Speaking at the 17th Annual International Mars Society Convention in Houston, SLS program manager Todd May said the program was at or ahead of schedule as it works through a series of critical design reviews (CDRs) for the SLS and its major systems. “We said four years ago we’d be at critical design review on the core [stage] this November. I’m glad to report that we actually completed that last month,” he said, a statement that generated an impromptu round of applause from the couple hundred attendees of the session. The CDR on the booster stages was completed just this week, he said, and the CDR for the full SLS is on track for the spring of 2015.
“Things are going pretty well. As far as the critical path, we’ve still got three to five months of slack” on the date the core stage is due to be delivered to the Stennis Space Center in Mississippi for testing, he said. “We’re just clicking off milestones.”
That rosy assessment stands in contrast to a report issued last month by the GAO that warned of cost and schedule risks to the program. “The SLS program office calculated the risk associated with insufficient funding through 2017 as having a 90 percent likelihood of occurrence,” the report stated, “furthermore, it indicated the insufficient budget could push the planned December 2017 launch date out 6 months and add some $400 million to the overall cost of SLS development.”
Asked about the GAO report, May suggested that conclusion was based on information that was now out of date. “They saw some things a couple of years ago.
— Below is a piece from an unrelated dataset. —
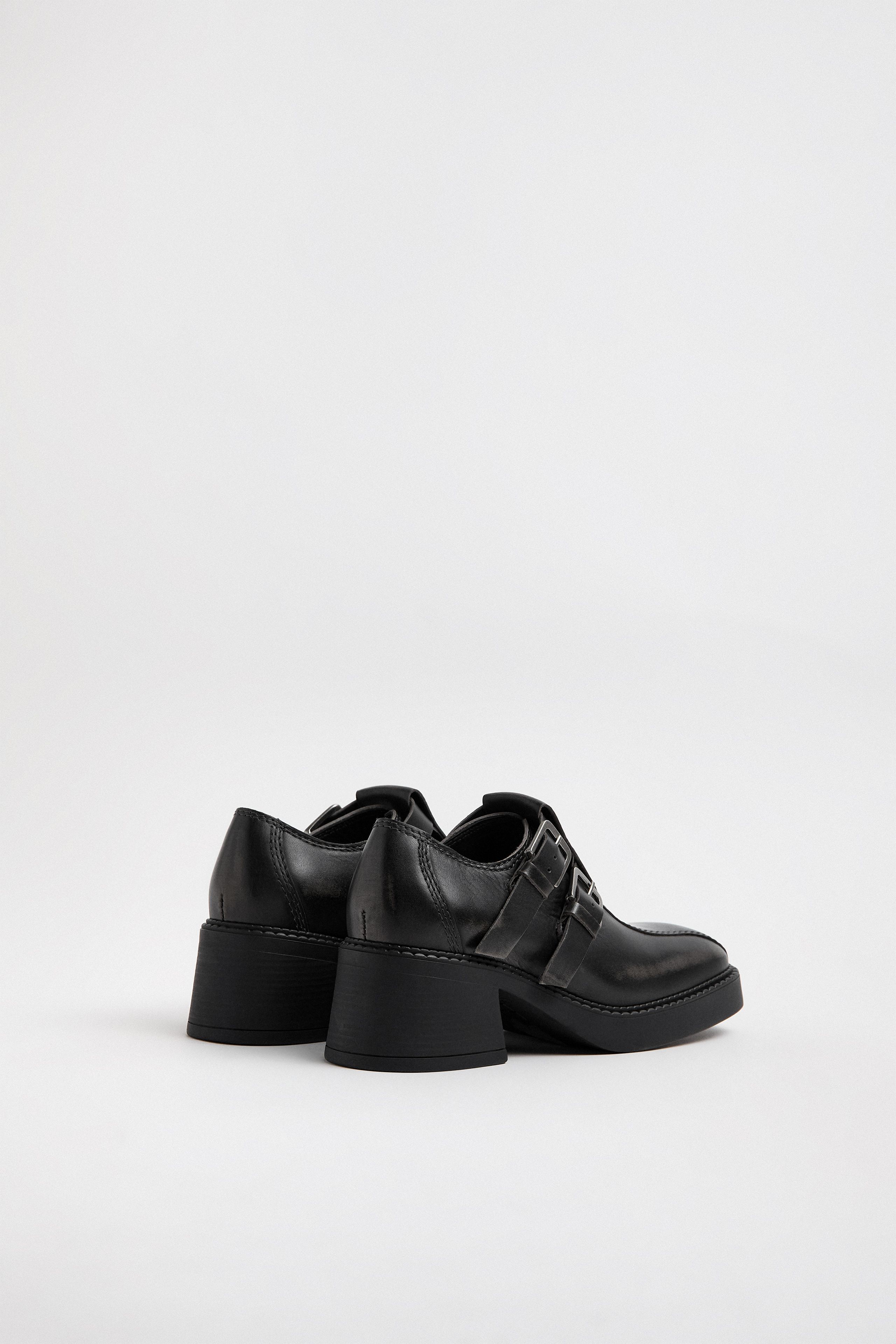 Aurelia is a double buckle shoe with a distinctive stitched front panel design. It features a thick sole and stacked-effect heel and is constructed in brush-off effect double tanned leather with a dark grey top tan and a lighter grey beneath that's revealed as the shoes are worn.

Some of the data is now obsolete,” he said. Specifically, he said the funding SLS received in fiscal year 2014, and what it expects to get in 2015 when the appropriations process is completed, is above the original request. In 2014, the administration requested $1.385 billion for SLS, but received $1.6 billion. In 2015, the administration requested $1.38 billion, but House and Senate version of appropriations bills offer $1.6 and 1.7 billion, respectively, for SLS.
That additional funding, May said, has mitigated the risk identified in the GAO report, provided that level of support continues. “If you don’t receive the appropriated levels, you could see challenges,” he said.
As for schedule risks, May said Monte Carlo risk models widely used in such analyses aren’t always accurate. “To me, they don’t change a basic program management tenet, which is to hurry every chance you get,” he said. That approach, he said, has worked for planetary exploration missions that have to launch within narrow windows. “They don’t pay attention to those things. They hurry every chance they get. So far, that’s paying off for us.”